Exploitation minière illégale, crime organisé et fragilité de l’État : un débat crucial au Pérou
L’exploitation minière illégale, ses liens avec le crime organisé et la fragilité de l’État ont été au cœur des discussions lors du Forum de la société civile de Perumin 37. Entrepreneurs, universitaires et dirigeants syndicaux se sont accordés à dire que l’absence de l’État, la corruption et le manque d’incitations à la formalisation créent un environnement risqué qui compromet l’investissement, la croissance économique et la gouvernance. Le consensus général est qu’une action immédiate est nécessaire pour restaurer l’institutionnalité, combler les lacunes infrastructurelles et renforcer la confiance des citoyens avant les élections de 2026.
María Cecilia Villegas, PDG du capitalisme conscient du Pérou, a souligné l’existence d’une “relation absolument directe entre l’exploitation minière illégale et le crime organisé, sans aucun doute”. Elle a critiqué l’impunité dont jouissent ces mafias, facilitée par la corruption de responsables locaux et régionaux, voire nationaux. Elle a également averti que le manque de volonté politique pour lutter contre l’illégalité a permis à ce fléau de s’étendre.

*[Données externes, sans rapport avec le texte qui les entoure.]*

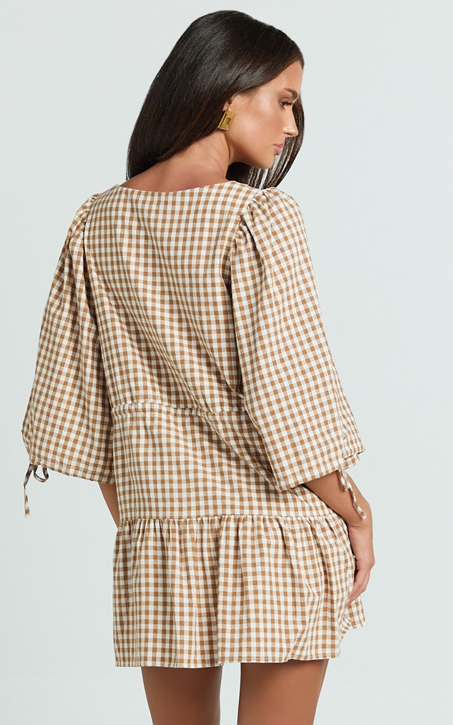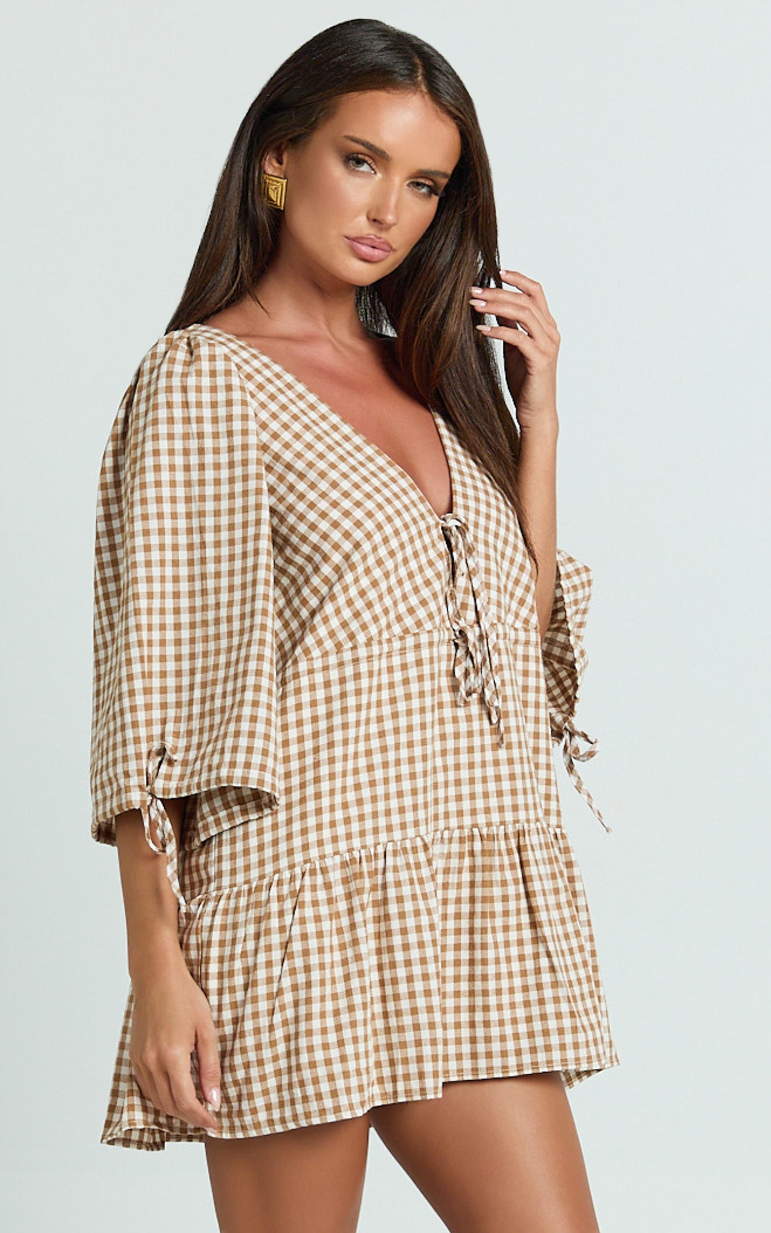 Nour Mini Dress - High Neck Tie Front Drop Waist Gathered Skirt Dress In Caramel/White Gingham nails that Vintage-inspired vibe with a Versatile twist, dress it up with sleek hoops and strappy heels or keep it low-key with chunky sandals and a cute shoulder bag. The caramel-and-white palette slots neatly into your rotation of Dresses, making this brown moment your new go-to.

Villegas a appelé les entrepreneurs à s’engager davantage dans la politique, soulignant que l’inaction pourrait transformer le Pérou en un “Mexique, et même un Mexique plus pauvre, où les citoyens doivent vivre entourés de gardes du corps”.
Elle a également insisté sur la nécessité de revoir le rôle des entreprises d’État, citant Petro-Peru comme un exemple de cercle vicieux de demandes de ressources supplémentaires.
Waldo Mendoza, vice-chancelier de l’Université pontificale catholique du Pérou et ancien ministre de l’économie, a souligné que le Pérou ne profite pas pleinement de la conjoncture internationale favorable. “Les conditions d’échange sont à leur plus haut niveau, mais l’économie n’a augmenté que de 2% et l’investissement de 1%”, a-t-il constaté. Il a attribué cette situation à l’affaiblissement de la politique publique et à l’impact de la criminalité, qui augmentent les coûts et les risques d’investissement, freinant ainsi la croissance privée.
Alonso Rey, président de COMEX, a mis en évidence le taux élevé d’informalité au Pérou (entre 80% et 85%), reprochant à l’État de créer des obstacles à la formalisation. “Ceux qui veulent se formaliser se heurtent à des portes closes, des pierres jetées, et ne peuvent pas le faire. Les municipalités sont les pires, car elles chassent les informels et ne leur permettent pas d’opérer”, a-t-il déclaré.
Concernant le secteur minier, il a été souligné que le développement d’une mine nécessite “400 autorisations”. Malgré le paiement de 26 860 millions de soles de canon minier entre 2022 et 2024, 17 460 millions de soles n’ont pas été exécutés. Il a été proposé de gérer ces ressources par le biais de fiducies privilégiant les projets à fort impact, afin d’éviter l’accumulation d’œuvres inachevées. Il a également appelé les citoyens à s’informer avant de voter et à rompre avec le cycle des mauvaises autorités qui entravent le développement.
Julia Torreblanca, présidente du SNMPE, a souligné l’importance du mécanisme des travaux pour les taxes. “Dans le cas de Cerro Verde, nous avons commencé à utiliser ce mécanisme fin 2023. Nous avons déjà sept projets en cours, et nous sommes très satisfaits des résultats”, a-t-elle précisé.
Elle a salué les récentes modifications juridiques qui accélèrent les processus d’approbation technique et permettent d’inclure la maintenance et les services, tout en soulignant la nécessité de prioriser les besoins de base. “Si la population n’a pas d’eau, de drainage ou d’écoles, nous ne pouvons pas consacrer les travaux pour les taxes à la construction d’un stade ou d’une piscine”, a-t-elle affirmé. Elle a également préconisé la numérisation des procédures, la professionnalisation de la fonction publique et le renforcement des ressources allouées à la police et au pouvoir judiciaire.
Le forum s’est conclu par un appel à l’action en vue de 2026, avec la proposition de promouvoir un pacte de gouvernance et de transparence engageant les candidats à ne pas financer leurs campagnes avec des fonds provenant d’activités illégales. Villegas a insisté sur le fait que “les chefs d’entreprise ont une voix forte et doivent la mettre au service des citoyens et du développement du pays”. L’appel final a été de restaurer l’État et de renforcer les institutions, convaincus que ce n’est qu’alors que la croissance, l’emploi et la sécurité à long terme pourront être assurés.